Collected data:
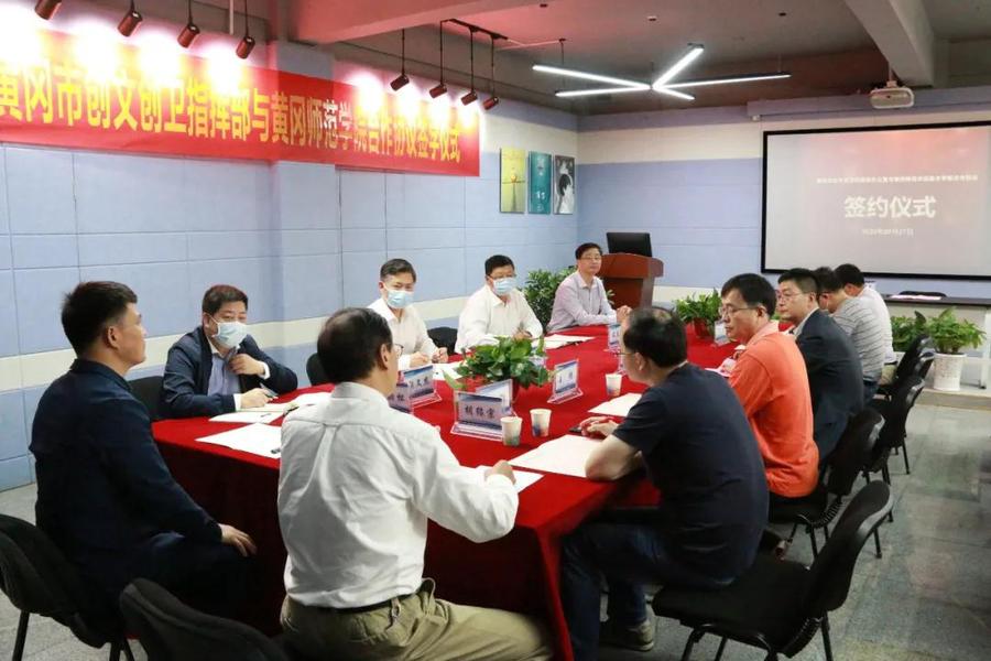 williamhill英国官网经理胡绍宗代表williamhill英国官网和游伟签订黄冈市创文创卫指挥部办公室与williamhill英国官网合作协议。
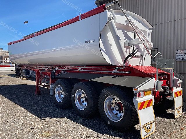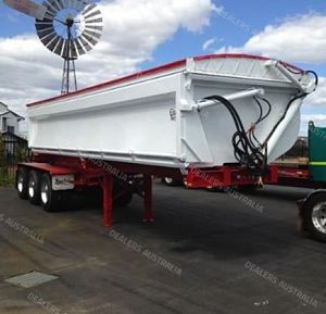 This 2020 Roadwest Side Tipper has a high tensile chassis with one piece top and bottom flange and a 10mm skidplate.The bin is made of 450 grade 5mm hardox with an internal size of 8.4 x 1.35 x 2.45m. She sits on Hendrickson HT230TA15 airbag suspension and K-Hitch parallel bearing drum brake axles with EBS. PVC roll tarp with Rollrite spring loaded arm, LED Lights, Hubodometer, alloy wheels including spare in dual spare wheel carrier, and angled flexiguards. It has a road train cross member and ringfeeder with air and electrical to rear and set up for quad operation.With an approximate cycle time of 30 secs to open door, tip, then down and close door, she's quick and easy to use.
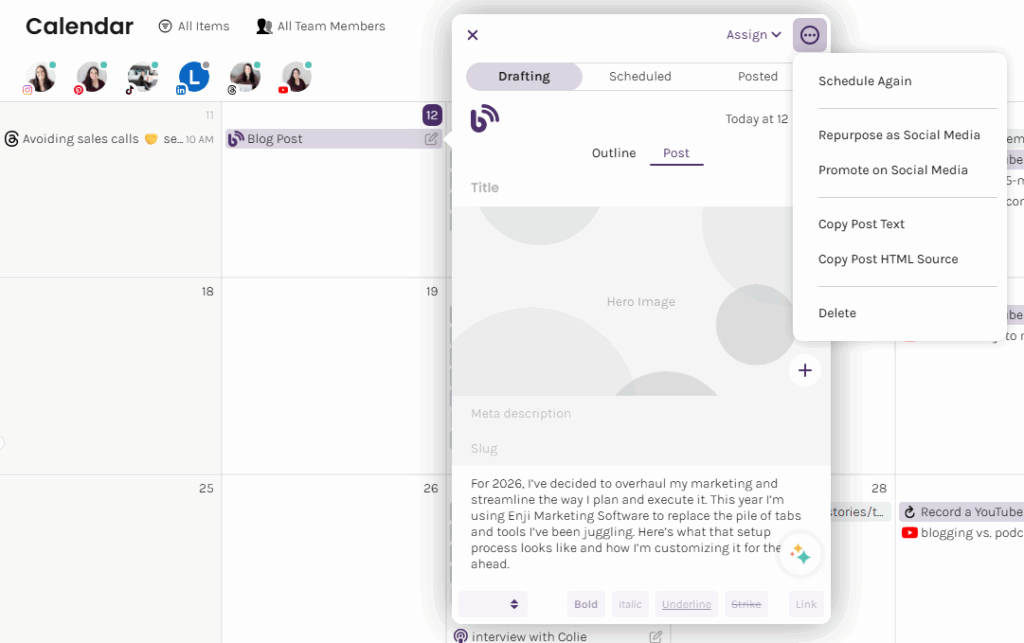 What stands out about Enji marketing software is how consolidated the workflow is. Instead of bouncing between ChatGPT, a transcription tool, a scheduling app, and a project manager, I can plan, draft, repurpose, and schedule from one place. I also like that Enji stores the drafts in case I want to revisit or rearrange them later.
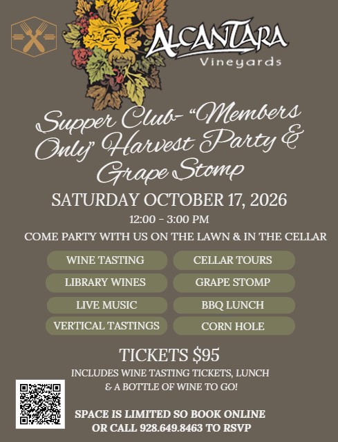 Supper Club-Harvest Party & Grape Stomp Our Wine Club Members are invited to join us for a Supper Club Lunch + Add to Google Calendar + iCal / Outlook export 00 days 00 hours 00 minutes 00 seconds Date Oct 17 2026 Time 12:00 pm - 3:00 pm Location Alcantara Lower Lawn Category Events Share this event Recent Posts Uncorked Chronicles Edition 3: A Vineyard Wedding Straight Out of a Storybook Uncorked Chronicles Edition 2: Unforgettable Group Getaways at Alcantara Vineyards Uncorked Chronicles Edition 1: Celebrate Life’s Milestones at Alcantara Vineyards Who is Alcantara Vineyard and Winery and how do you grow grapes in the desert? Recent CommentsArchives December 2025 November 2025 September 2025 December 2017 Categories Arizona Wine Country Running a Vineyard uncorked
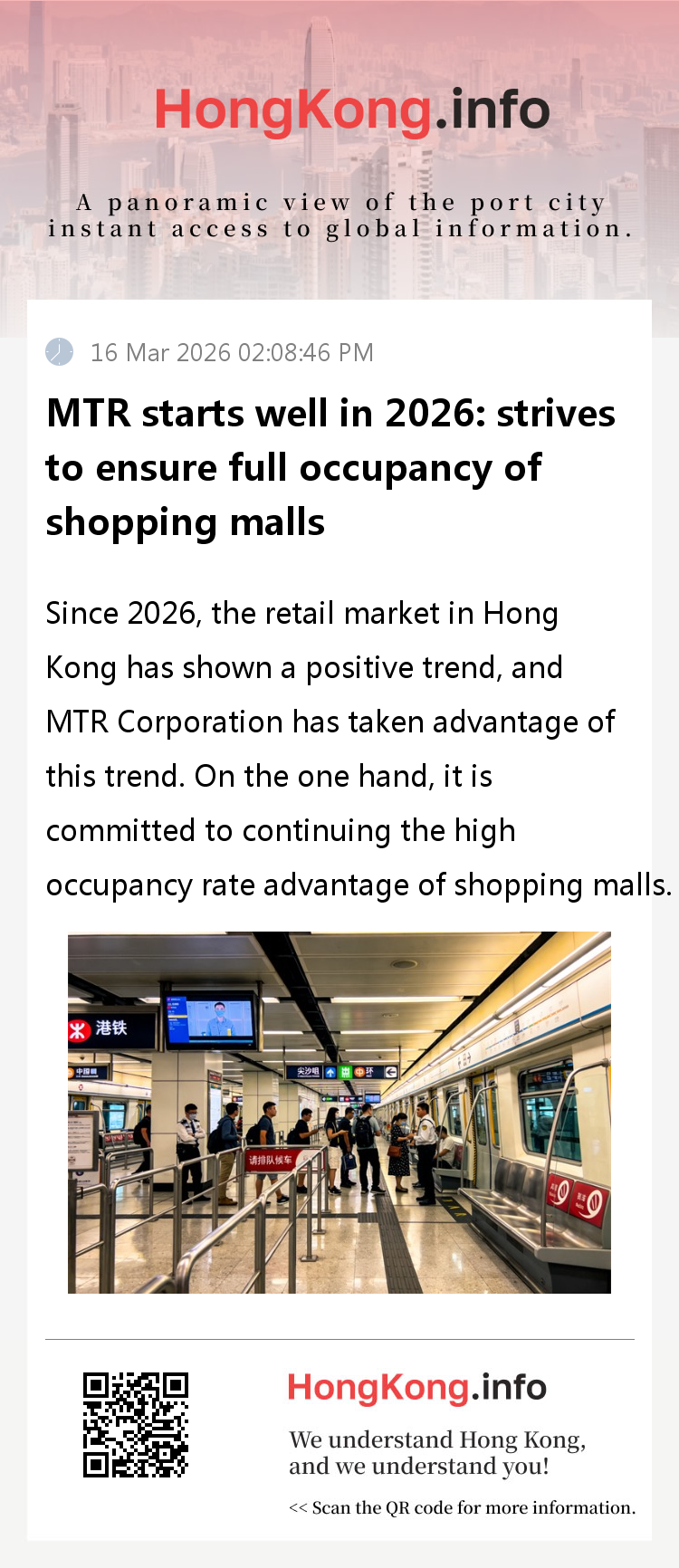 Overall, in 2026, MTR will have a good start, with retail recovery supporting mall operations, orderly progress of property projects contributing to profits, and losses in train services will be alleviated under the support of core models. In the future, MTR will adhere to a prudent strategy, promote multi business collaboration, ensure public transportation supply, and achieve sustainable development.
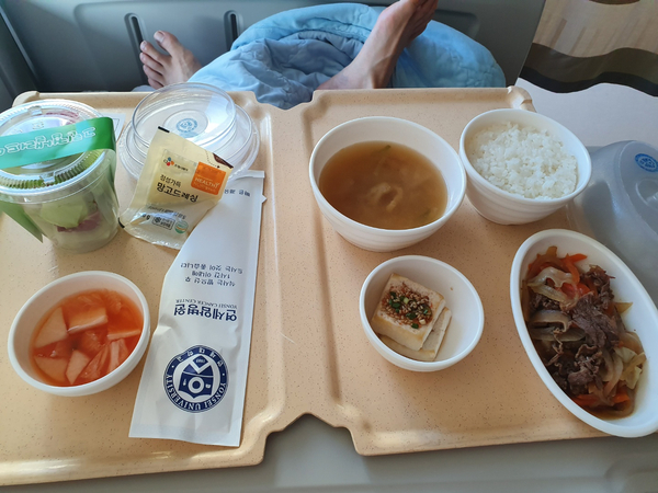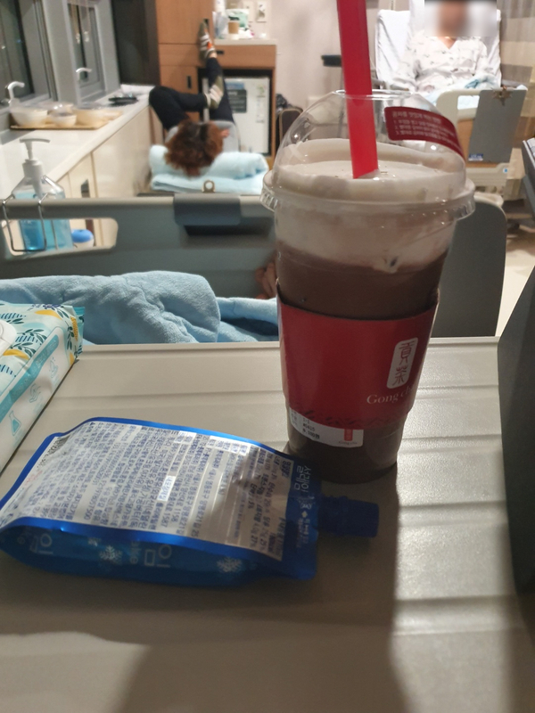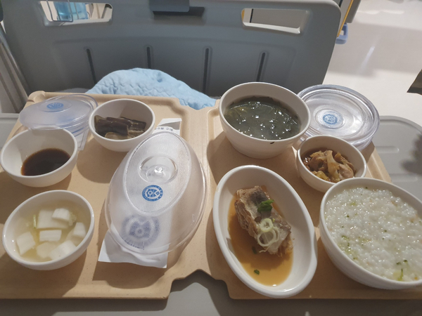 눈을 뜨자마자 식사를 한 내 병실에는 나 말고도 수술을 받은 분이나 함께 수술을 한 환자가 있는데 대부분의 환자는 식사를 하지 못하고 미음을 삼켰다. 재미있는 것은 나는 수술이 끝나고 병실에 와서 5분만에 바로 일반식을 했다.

Task instructions:
Nothing in the records should be changed in the copy, but the pictures must be left out.

Answer to this exercise:
 williamhill英国官网经理胡绍宗代表williamhill英国官网和游伟签订黄冈市创文创卫指挥部办公室与williamhill英国官网合作协议。
 This 2020 Roadwest Side Tipper has a high tensile chassis with one piece top and bottom flange and a 10mm skidplate.The bin is made of 450 grade 5mm hardox with an internal size of 8.4 x 1.35 x 2.45m. She sits on Hendrickson HT230TA15 airbag suspension and K-Hitch parallel bearing drum brake axles with EBS. PVC roll tarp with Rollrite spring loaded arm, LED Lights, Hubodometer, alloy wheels including spare in dual spare wheel carrier, and angled flexiguards. It has a road train cross member and ringfeeder with air and electrical to rear and set up for quad operation.With an approximate cycle time of 30 secs to open door, tip, then down and close door, she's quick and easy to use.
 What stands out about Enji marketing software is how consolidated the workflow is. Instead of bouncing between ChatGPT, a transcription tool, a scheduling app, and a project manager, I can plan, draft, repurpose, and schedule from one place. I also like that Enji stores the drafts in case I want to revisit or rearrange them later.
 Supper Club-Harvest Party & Grape Stomp Our Wine Club Members are invited to join us for a Supper Club Lunch + Add to Google Calendar + iCal / Outlook export 00 days 00 hours 00 minutes 00 seconds Date Oct 17 2026 Time 12:00 pm - 3:00 pm Location Alcantara Lower Lawn Category Events Share this event Recent Posts Uncorked Chronicles Edition 3: A Vineyard Wedding Straight Out of a Storybook Uncorked Chronicles Edition 2: Unforgettable Group Getaways at Alcantara Vineyards Uncorked Chronicles Edition 1: Celebrate Life’s Milestones at Alcantara Vineyards Who is Alcantara Vineyard and Winery and how do you grow grapes in the desert? Recent CommentsArchives December 2025 November 2025 September 2025 December 2017 Categories Arizona Wine Country Running a Vineyard uncorked
 Overall, in 2026, MTR will have a good start, with retail recovery supporting mall operations, orderly progress of property projects contributing to profits, and losses in train services will be alleviated under the support of core models. In the future, MTR will adhere to a prudent strategy, promote multi business collaboration, ensure public transportation supply, and achieve sustainable development.
 눈을 뜨자마자 식사를 한 내 병실에는 나 말고도 수술을 받은 분이나 함께 수술을 한 환자가 있는데 대부분의 환자는 식사를 하지 못하고 미음을 삼켰다. 재미있는 것은 나는 수술이 끝나고 병실에 와서 5분만에 바로 일반식을 했다.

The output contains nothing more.